After experiments under 120 °C for 6 h, no significant change occurred to the specimen surface, indicating the temperature of 120 °C played little effect on the performance of VEGF. However, a clear volatilization and mass loss occurred to the organic components under 180 °C for 6 h. Cracking and peeling also appeared on the surface of the organic coating. These all demonstrated that even short periods of thermal shock could place a significant effect on the corrosion resistance of VEGF. As for FRP, the organic component volatilized slightly under high temperature. However, the samples became yellow and deformed, which were notable signs of degradation. Even if the material was under hot environment shortly, this may affect the corrosion resistance of FRP.

VEGF mainly consisted of epoxy vinyl phenolic resin, and the color change probably because the molecular chain of the phenolic groups was prone to degradation under high temperature, manifesting as coking, yellowing, or loss of gloss on its appearance. The deformation of FRP might have occurred because the molecular chains stretch at high temperature but fail to shrink back into the original state when the temperature decreases. Russel (2011) summarized that deformation can be either elastic or viscous. The former often led to cracking and peeling, while the latter produced a pore-free solid. Roberts et al. (2011) concluded that deformation results in dramatic color change at high temperatures, although the films had to be irreversibly elastically deformed to achieve this. It can be concluded that VEGF could withstand the temperature of 120 °C, but was unable to withstand the thermal shock of 180 °C. Thus, VEGF may be damaged by the high temperature flue gas of power plant bypass. The utilization of FRP may cause corrosion failure under the long-running process of power plant stacks.

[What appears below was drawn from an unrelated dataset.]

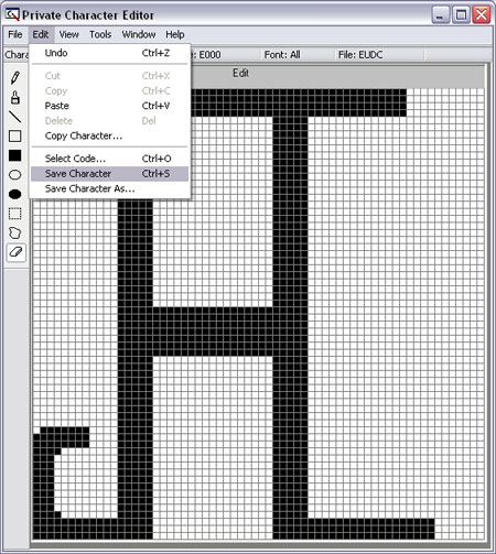 - Khi đã tạo xong ký tự riêng, chọn Save Character từ menu Edit.

The weight and appearance of titanium alloy, ND steel and foam glass blocks did not change considerably because of their excellent heat resistance, high thermal conductivity and superior heat dissipation properties. Cai et al. (2010) reported that the tensile ductility of TG6 titanium alloy increases rapidly, and its thermal stability gets a recovery to a great extent once the temperature rises over 150 °C. The heat resistance of a low alloy steel was demonstrated by Ghanem et al. (1996) through measuring the weight of the corrosion product film on the alloy surface over exposure times up to 480 h, and at a temperature range of 75–250 °C. The higher temperature induces better anti-corrosion behavior of borosilicate due to the low viscosity studied by Song et al. (Grujicic et al. 2010). These facts indicated that titanium alloy, ND steel and foam glass blocks all could be applied to the high temperature conditions in power plant chimneys.

Variable temperature test

The test was conducted to study the resistance of six materials to variable temperature. In view of Fig. 1b, it could clearly be seen that VEGF underwent dramatic mass loss after the variable temperature test. Conversely, polyurea, titanium alloy, ND steel and foam glass blocks all behaved well in the same corrosion environment. From another standpoint, FRP was not suitable for the condition because of its significant appearance change. The same conclusion could be attained that as for the six materials, VEGF and FRP were not suitable to be employed under the high temperature and variable temperature environments in power plant stacks.

As shown in Fig. 1b, polyurea samples with a mass loss of 1.36 mg/cm2 volatilized slightly under variable temperature. After five times of alternating temperature change, the overall appearance of polyurea did not alter significantly. Grujicic et al. (2010) revealed that an increase in the test temperature caused an increase in the strain-rate associated with the maximum glass-transition based energy absorption/dissipation. Polyurea tended to display high-ductility behavior of a stereotypical elastomer in its rubbery-state. As for polyurea, minor changes of mass and appearance demonstrated that polyurea embraced good temperature resistance and was suitable for the variable temperature conditions in power plant stacks.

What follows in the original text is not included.